As the year draws to a close, and the dawn of a new decade is upon us, I have been thinking about how 2019 will end. It was a busy year, as I’ve written about over the past few months. I think the biggest lessons I have learned are about relationships. How they ebb and flow, how they begin, or end. You know, there was so much buildup moving into this new decade of life. I never believed the hype until I arrived myself, navigating my thirties. There’s a lot of reflection on this side, and something I have been talking at length with my best friend about is our friendships in our twenties. I think about how ‘friendship’s formed. If you made new friends in college, it was usually born out of a commonality of some sort: a mutual friend, a mutual class, a mutual interest. Boom, now you’re cool. That was the narrative we told ourselves for years and years. Looking back, I wonder if we as individuals knew what a ‘healthy’ friendship looked like, what a layered companionship looked like.
What have you been taught about ‘making friends?’ When I think back, it was all so simple. Be nice. Share. Forgive. I think about how much emphasis there was on being ‘nice.’ But there was never an emphasis on setting boundaries. Listen, you can be a ‘good person’ and not take shit from anyone else. That’s facts. We just don’t teach that, and as a result, we end up entertaining friendships and relationships long past their expiration date.
If you asked me what friendship looks like now, it’s way more about reciprocity, understanding, and communication. We are all trying to find our way professionally, romantically, financially, spiritually, emotionally. That means that at any given time, we only have SO much to give. Quality time may look like grabbing tea at a coffee shop versus staying out late and getting drunk. Check-ins may be once a week versus everyday. You may only meet up every few months, because LIFE is happening. More grace is required now, because life is unpredictable, and we never know what anyone else is going through.
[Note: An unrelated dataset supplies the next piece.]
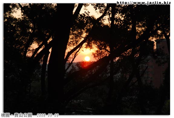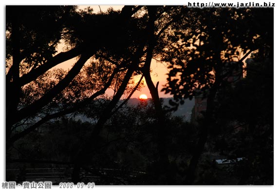 在欣賞莊嚴的觀音像的當時,太陽也漸漸變紅,落向西邊的山。紅通通的太陽光芒還是很刺眼,只是照片沒辦法呈現出它實際上的紅色。

I want to talk about trauma bonds. I think it’s important to be able to recognize patterns both in your friendships and your relationships. Our friendship patterns can bleed into the way we relate romantically to each other, and this can prevent us from having full and healthy relationships in our lives.
Trauma Bond: A trauma bond is a bond that forms due to intense, emotional experiences, usually with a toxic person.
This toxic person can be a friend, lover, family member, etc. The point is that when we are trauma bonded to another person, this can alter our perception of what is healthy, and what is unhealthy.
What are the signs that you’re in a trauma bond? According to Bustle.com, you’ll accept ‘love crumbs.’ Ya’ll know about them crumbs! The half-assed invite, the lackluster birthday gift, a text here and there. You take it even though that’s not what you’re giving out. If we’re talking relationships, it’s very similar. You give in excess to your partner by way of affection, gifts, time spent. Meanwhile, their texts are spotty, time spent is like pulling teeth, and they never do much to surprise you or please you.
The predator-prey dynamic. There’s always an element of chase. It’s a constant need for this person’s attention or affection, that is never satisfied.
Brushing off bad behavior. Making excuses for your friend because ‘that’s just how they are,’ or ‘they don’t mean anything by it.’ Ignoring problematic behaviors because of ‘history.’ In a relationship, essentially ignoring all red flags from the start.
Your friendship or relationship is filled with drama. Fights, tears, there’s always a story. Everybody and their mama know what’s going on with ya’ll. You know it’s a lot but you get used to the chaos, and in some cases, you thrive off of it.
You feel like you can’t leave them. Maybe you love them too much, you’ve been friends too long, ya’ll got history. Or, you can’t see yourself moving on without them. In reality, this can apply to both kinds of relationships.
Healthy friendships should make you feel affirmed, help you grow, and hold you accountable. Healthy relationships should be nurturing, fulfilling, and positive.That’s what we on in this next decade. You have to be able to create healthy friendships before you dive into connecting with someone romantically.
The point of this post? Start to take inventory of the patterns of the people in your life. People show you who they are all the time. It really doesn’t matter what words come out of their mouth, if their actions remain the same. If you believe that you are in a trauma bond, the best way to break the pattern is to be honest and set boundaries. Here are some tips:
“Many survivors have such profound deficiencies in self-protection that they can barely imagine themselves in a position of agency or choice. The idea of saying no to the emotional demands of a parent, spouse, lover or authority figure may be practically inconceivable. Thus, it is not uncommon to find adult survivors to permit major intrusions without boundaries or limits.- Judith Herman ( Trauma and Recovery- The Aftermath of Violence)
Let’s start the next decade by learning to set boundaries.
One thought on “The Truth About Trauma Bonds.”
Mora, from time to time I read your blogs and I’m always impressed by your evolution. Your writing is intriguing, thought provoking, and satisfying. I love your consistency and dedication to your craft. Keep rising woman.